◆ **TASK REQUIREMENTS**: Retype only the lines that run from the top of the material below to the line bearing "スマホで撮ったお気に入りの写", inclusive, and keep the pictures out.

◆ **SUPPLIED MATERIAL**:

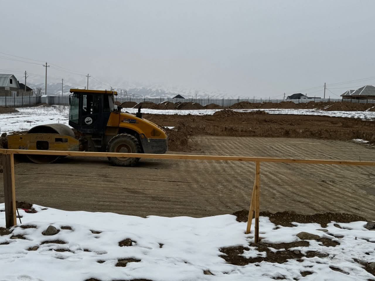 Текшерүү учурунда жер кыртышын катмарлап таптап бекемдөө иштери аяктап, учурда тегиздөө процесстери жүрүп жаткандыгы аныкталды. Бекитилген иш өндүрүшүнүн графигине ылайык, бетон иштери 2026-жылдын январь айында башталышы керек болчу. Бүгүнкү күнгө карата подряддык уюм тарабынан бетон куюу иштери башталган эмес, бул белгиленген мөөнөттөрдөн олуттуу түрдө артта калууну шарттайт.
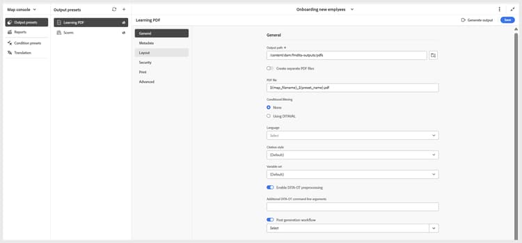 Dans le panneau Paramètres prédéfinis de sortie, sélectionnez l’icône + pour créer un paramètre prédéfini de sortie.
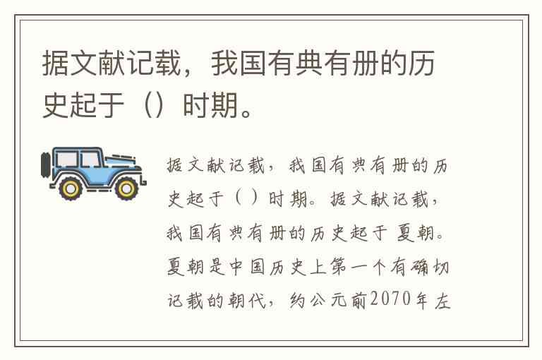 据文献记载,我国有典有册的历史起于 夏朝。夏朝是中国历史上第一个有确切记载的朝代,约公元前2070年左右建立。夏朝的存在标志着中国进入了有文字记载的历史时期,尽管早期的文献记载较少,但根据后来的史书记载,夏朝的历史已经能够通过一些文献、传说和考古发现得到印证。
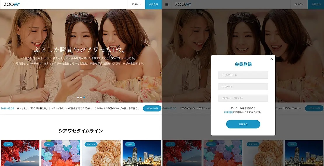 スマホで撮ったお気に入りの写真をその場でサッと投稿したり、おすすめのお店をフォロワーにシェアしたり、アットホームな魅力あふれるSNSサイトを一個人で、仲の良いグループで、自社で、もっと手軽に構築してもらうために「ZOOMY」は生まれました。
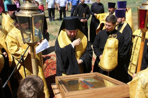 Далее водный крестный ход отправился в станицу Калитвенскую Каменского района, где торжества продолжились на побережье реки. К месту встречи святыни от стен калитвенского Успенского храма с иконами и хоругвями прошли жители станицы и её гости. Многочисленные верующие, около семисот человек, дождавшись прибытия иконы, вознесли молитвы перед святым крестителем Руси и поклонились образу. Молебное пение возглавил благочинный приходов Каменского округа иерей Владислав Касьянов. В молитве приняли участие и почётные гости – представители Администрации Каменского района, представители казачьих юртов во главе с атаманом Донецкого округа Н.Б. Кольжановым, представители Каменской районной Думы, глава сельского поселения С.В. Разуваев, представители Совета ветеранов, общественных организаций, средств массовой информации.

◆ **TASK SOLUTION**:
 Текшерүү учурунда жер кыртышын катмарлап таптап бекемдөө иштери аяктап, учурда тегиздөө процесстери жүрүп жаткандыгы аныкталды. Бекитилген иш өндүрүшүнүн графигине ылайык, бетон иштери 2026-жылдын январь айында башталышы керек болчу. Бүгүнкү күнгө карата подряддык уюм тарабынан бетон куюу иштери башталган эмес, бул белгиленген мөөнөттөрдөн олуттуу түрдө артта калууну шарттайт.
 Dans le panneau Paramètres prédéfinis de sortie, sélectionnez l’icône + pour créer un paramètre prédéfini de sortie.
 据文献记载,我国有典有册的历史起于 夏朝。夏朝是中国历史上第一个有确切记载的朝代,约公元前2070年左右建立。夏朝的存在标志着中国进入了有文字记载的历史时期,尽管早期的文献记载较少,但根据后来的史书记载,夏朝的历史已经能够通过一些文献、传说和考古发现得到印证。
 スマホで撮ったお気に入りの写真をその場でサッと投稿したり、おすすめのお店をフォロワーにシェアしたり、アットホームな魅力あふれるSNSサイトを一個人で、仲の良いグループで、自社で、もっと手軽に構築してもらうために「ZOOMY」は生まれました。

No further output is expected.